[PROBLEM]
Among the entries below, find the line with "Portable Charger with" and the line with "Duffe coat intérieur". Return exactly those lines and every line between them, but no pictures.

[TASK DATA]
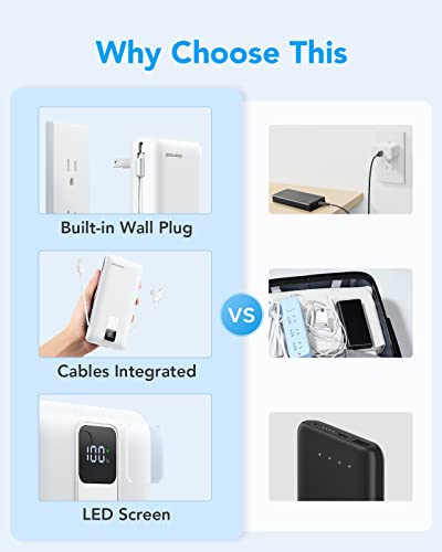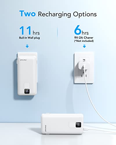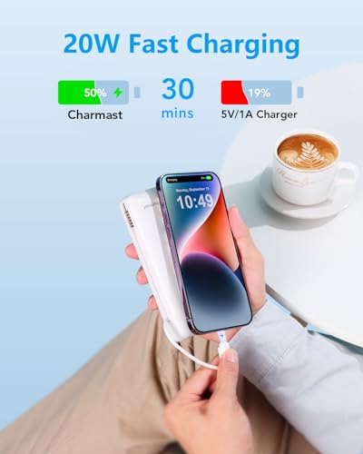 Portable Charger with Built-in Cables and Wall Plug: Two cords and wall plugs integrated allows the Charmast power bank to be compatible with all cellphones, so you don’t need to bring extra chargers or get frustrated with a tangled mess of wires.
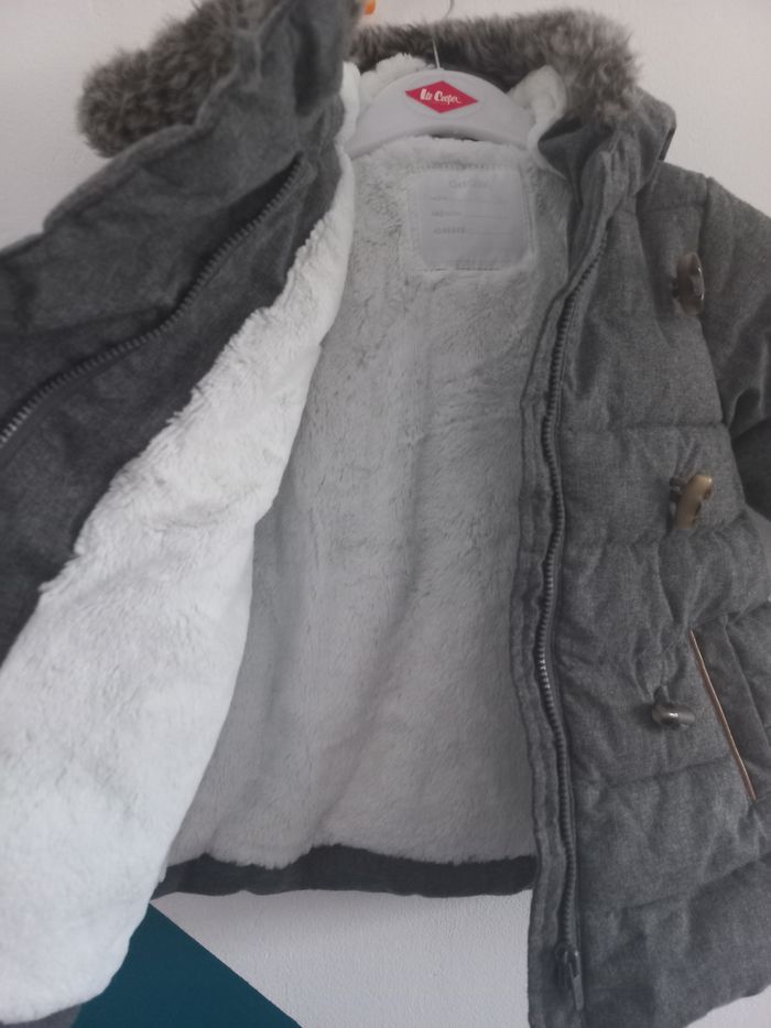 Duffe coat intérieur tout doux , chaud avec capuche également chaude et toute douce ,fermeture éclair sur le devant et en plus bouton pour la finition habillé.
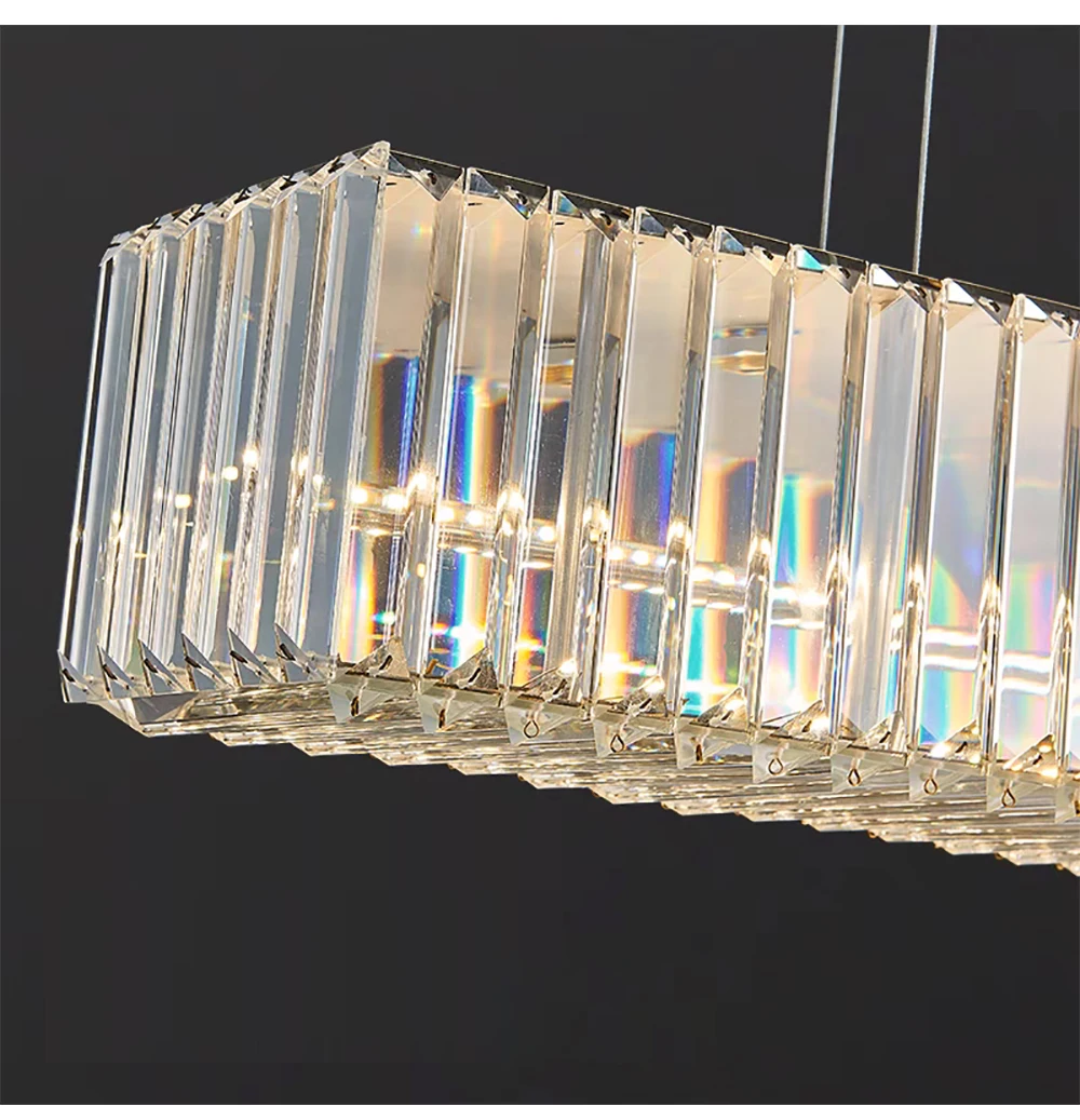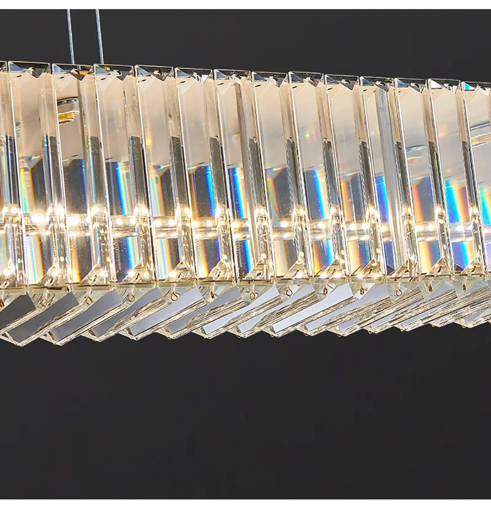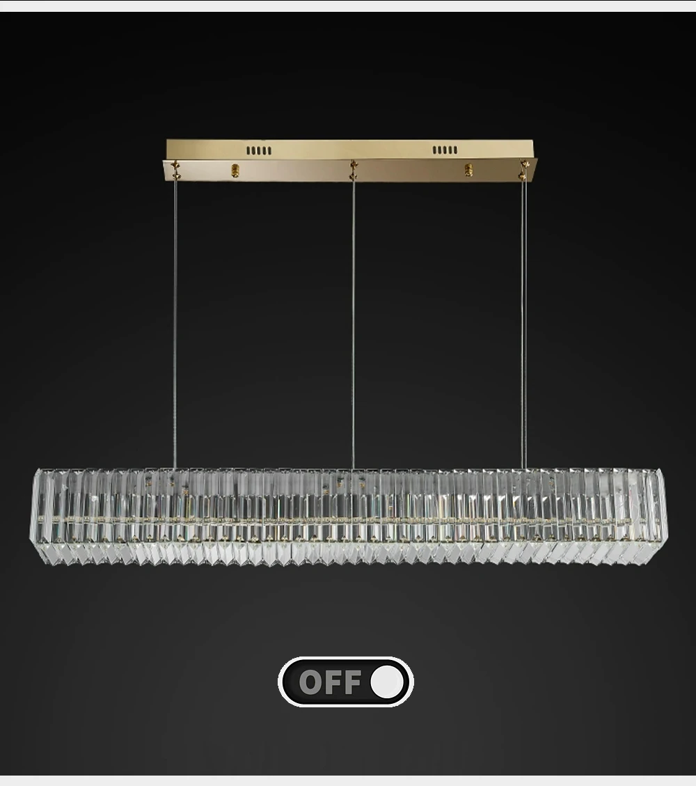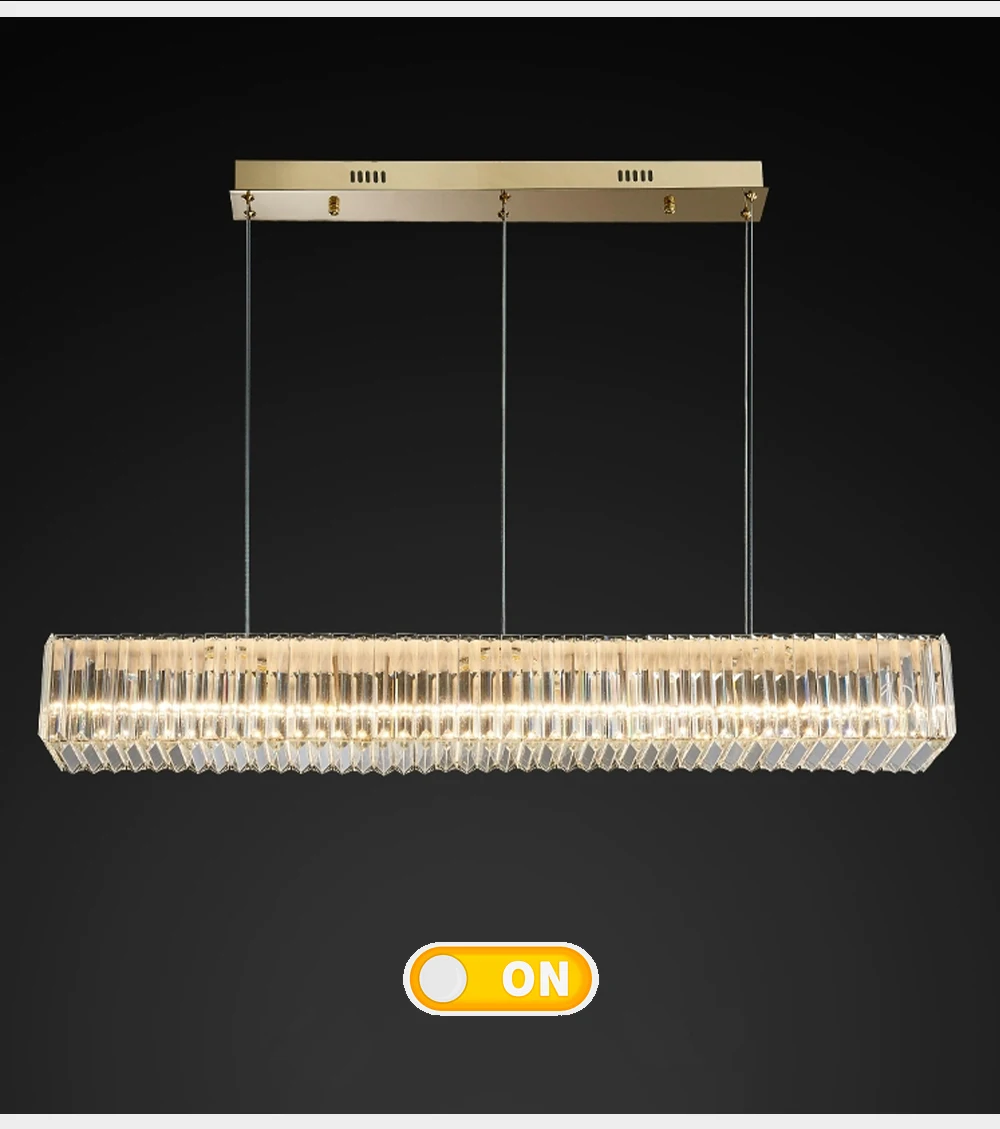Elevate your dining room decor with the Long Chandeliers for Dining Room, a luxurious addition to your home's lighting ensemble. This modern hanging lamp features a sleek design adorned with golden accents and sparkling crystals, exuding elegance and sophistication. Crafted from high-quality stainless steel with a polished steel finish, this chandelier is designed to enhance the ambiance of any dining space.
---
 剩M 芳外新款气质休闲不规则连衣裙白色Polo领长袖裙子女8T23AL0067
* * *
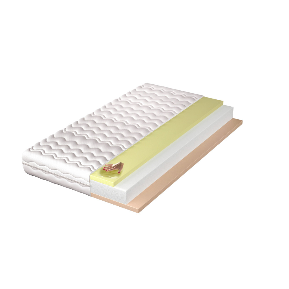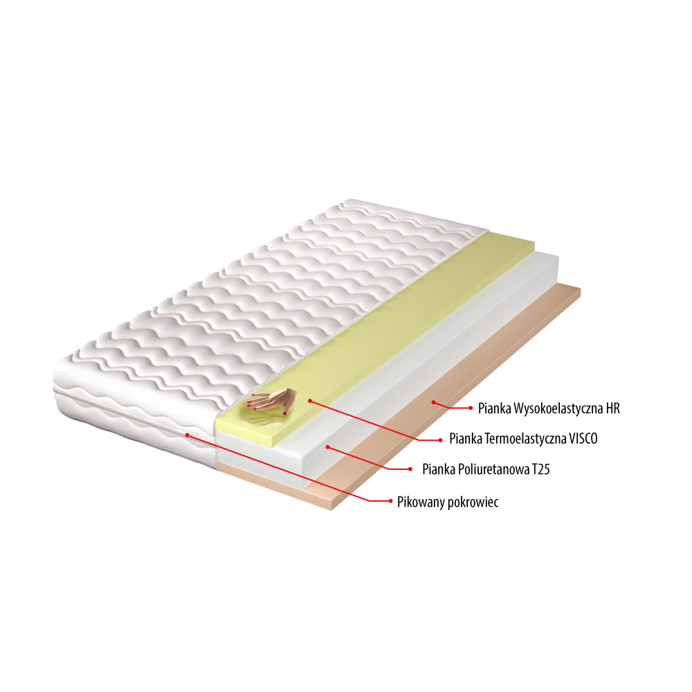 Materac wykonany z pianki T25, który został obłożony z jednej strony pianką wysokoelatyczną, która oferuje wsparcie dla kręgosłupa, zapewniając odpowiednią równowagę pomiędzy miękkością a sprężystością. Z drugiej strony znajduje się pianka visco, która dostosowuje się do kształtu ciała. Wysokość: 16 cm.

[ANSWER SPACE]
 Portable Charger with Built-in Cables and Wall Plug: Two cords and wall plugs integrated allows the Charmast power bank to be compatible with all cellphones, so you don’t need to bring extra chargers or get frustrated with a tangled mess of wires.
 Duffe coat intérieur tout doux , chaud avec capuche également chaude et toute douce ,fermeture éclair sur le devant et en plus bouton pour la finition habillé.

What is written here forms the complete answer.